**DATA:**
-=-=-=-=-
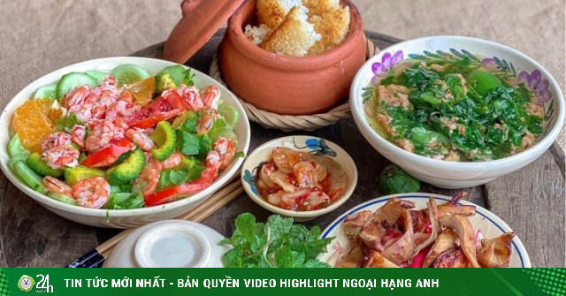 Salat tôm bơ rau củ – Mực nướng – Canh cua mồng tơi – Cơm cháy – Mắm dưa cà
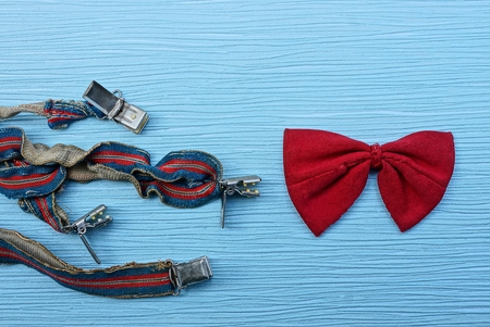 Men's accessories, bow tie top view, flat lay on wooden board background
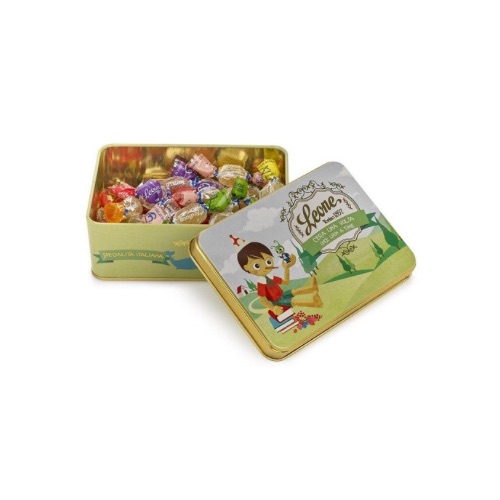Caixa metálica decorativa com ilustração e pastilhas coloridas
-=-=-=-=-
**WHAT TO PRODUCE:**
Copy the listing in full and without alteration, omitting every picture.

**OUTPUT OF THE EXERCISE:**
 Salat tôm bơ rau củ – Mực nướng – Canh cua mồng tơi – Cơm cháy – Mắm dưa cà
 Men's accessories, bow tie top view, flat lay on wooden board background
Caixa metálica decorativa com ilustração e pastilhas coloridas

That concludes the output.